Imagine, for a moment, that you have misplaced your phone somewhere in your home. You might retrace your steps, looking in the most common areas, before resorting to a full sweep of the home. You look under beds, behind drawers, and between couch cushions, and after an hour of searching, you find it in the literal last place you would look: the fridge.
Now, imagine that same scenario, except before beginning your search, your friend calls your phone, and you follow the sound directly to the fridge in under a minute. In both scenarios, you started with the same question: where is my phone? The difference is that in the first, you had to search through all possible solutions. In the second, you were given a solution and only had to verify it.
This speed difference in solving the problem versus verifying a solution lies at the heart of an entire branch of mathematics called complexity theory. Complexity theory, simply put, is the study of how fast we can solve problems. Problems such as “how to quickly sort a bookshelf” or “how to best arrange suitcases in a car” have direct analogs to the ones studied in complexity theory, but complexity theory tends to be a bit more abstract, sorting lists and arranging integers. In this abstraction, complexity theory focuses on counting the number of steps it will take to solve a problem rather than the number of seconds, so the fastest solutions are the ones that take the fewest steps.
For a field dedicated entirely to studying how to solve problems, complexity theory has a staggering number of unanswered questions. Never have I heard a professor say, “We don’t know the answer to this problem,” as many times as in complexity theory. Among these unanswered questions is the problem of solving versus verifying: P vs NP. P stands for all the problems we can solve quickly. NP stands for all the problems for which we can verify solutions quickly. Combined, the question asks: can we solve the problems in NP as quickly as we can verify solutions for them?
My professor’s response was, “Only if you’re really good at guessing.” Ultimately, that’s the real problem here. When you were searching for your phone, you could have just started with a lucky guess, looked in your fridge first, and immediately found your phone. Unfortunately, lucky guesses aren’t a good way to measure how quickly you can solve a problem, and worst-case scenario, the right answer will be your last guess. NP problems are specifically the ones for which there are no good guessing strategies, which is why they are so hard to solve directly, but if you only have to verify the right answer, the problem is easy. For this reason, most mathematicians believe the answer to P vs NP is “no”.

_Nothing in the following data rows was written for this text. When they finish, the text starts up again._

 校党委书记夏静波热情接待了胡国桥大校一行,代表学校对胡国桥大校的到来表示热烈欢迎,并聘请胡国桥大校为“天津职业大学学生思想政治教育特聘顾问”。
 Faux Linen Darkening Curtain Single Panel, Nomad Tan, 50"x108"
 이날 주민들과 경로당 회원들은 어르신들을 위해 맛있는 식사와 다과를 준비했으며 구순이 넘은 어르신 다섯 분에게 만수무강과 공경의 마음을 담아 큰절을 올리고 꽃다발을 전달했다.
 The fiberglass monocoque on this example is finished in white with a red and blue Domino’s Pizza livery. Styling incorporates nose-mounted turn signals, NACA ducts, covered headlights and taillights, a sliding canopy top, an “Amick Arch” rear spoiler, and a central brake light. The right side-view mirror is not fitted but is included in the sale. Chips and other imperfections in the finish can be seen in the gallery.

If P is not NP, that poses some real challenges for humans. Not only does it make it harder to find your wallet, keys, phone, glasses, earrings, etc, but the problems that were already difficult become even more impossible. Forget finding physical objects, how do you find the important things in your life? How do you find sources of joy? A lifetime might be long enough to keep guessing, but it might not. In my case, it took me 20-odd years to stumble on some rather central aspects of my life, such as astronomy.
The first time I went stargazing, I had no idea whether I would like it or not. I just went because someone invited me. I expected to look up at some stars and a few planets, but that was it. I never could have imagined that while I was there, in the middle of nowhere, I would leave a piece of myself out on that field. Now, I go back whenever I can, and when I do, I feel whole again. I could have been anywhere or done anything that night, but I had a lucky guess, and I got to verify my solution.

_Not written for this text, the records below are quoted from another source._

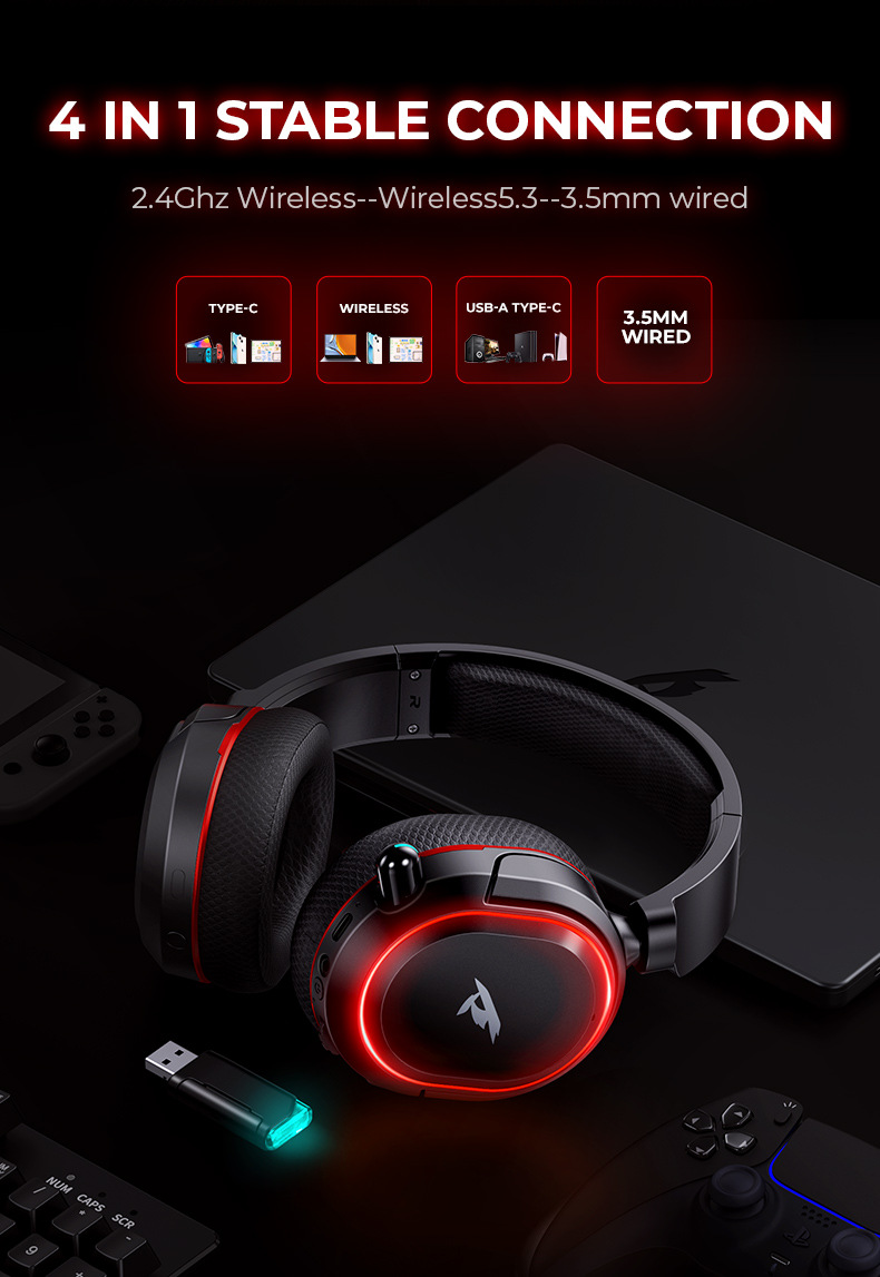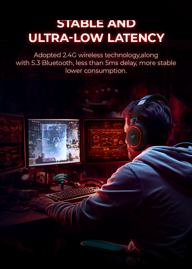 Picun G2 무선 2.4G 헤드 장착형 Bluetooth 헤드셋 빛나는 게임 낮은 대기 시간 7.1 사운드 효과
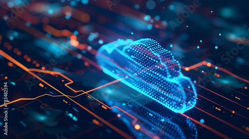 Cloud computing technology concept with digital pathways and data streams. Abstract digital background.
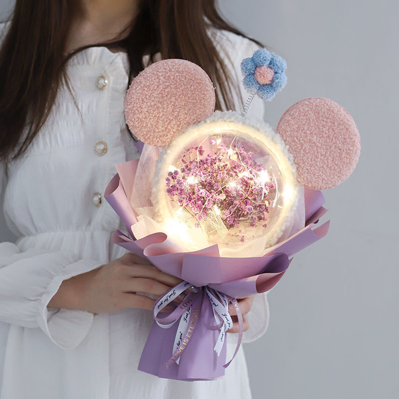 • .( • ̀Ω•́ ) 핑크 안개꽃 + 미키 머리띠 + 선물가방 + 램프 ( • ̀Ω•́ )

Looking out onto that vast array of stars reminds me of all the sources of joy in the world. Sure, they’re finite, but there are so many that verifying each one is truly impossible. There will probably only ever be a few that matter to you, and maybe you’ll find them in this lifetime, but maybe you won’t. At first, the math made me feel a little bit hopeless, knowing how much joy could be found across the world in a few good guesses, but then I realized the math was missing something. Complexity theory assumes that the problem never changes, no matter how many solutions you check, but that’s not true in this case. In the problem of “what will bring you joy?”, you are the most important variable, because you literally vary from experience to experience. Every time you try something new, or something old, you change, just a little bit. You don’t need a guessing strategy for what you will like because you are the most optimized guessing strategy you could ask for. Your history, desires, environment, mood—everything about you is slowly guiding this trajectory of solving the problems in your life. Sure, nothing is truly guaranteed, and you may not find what you’re looking for in this life, but there’s a chance that you might, and with everything that makes you you, I’d say your odds are better than random guessing.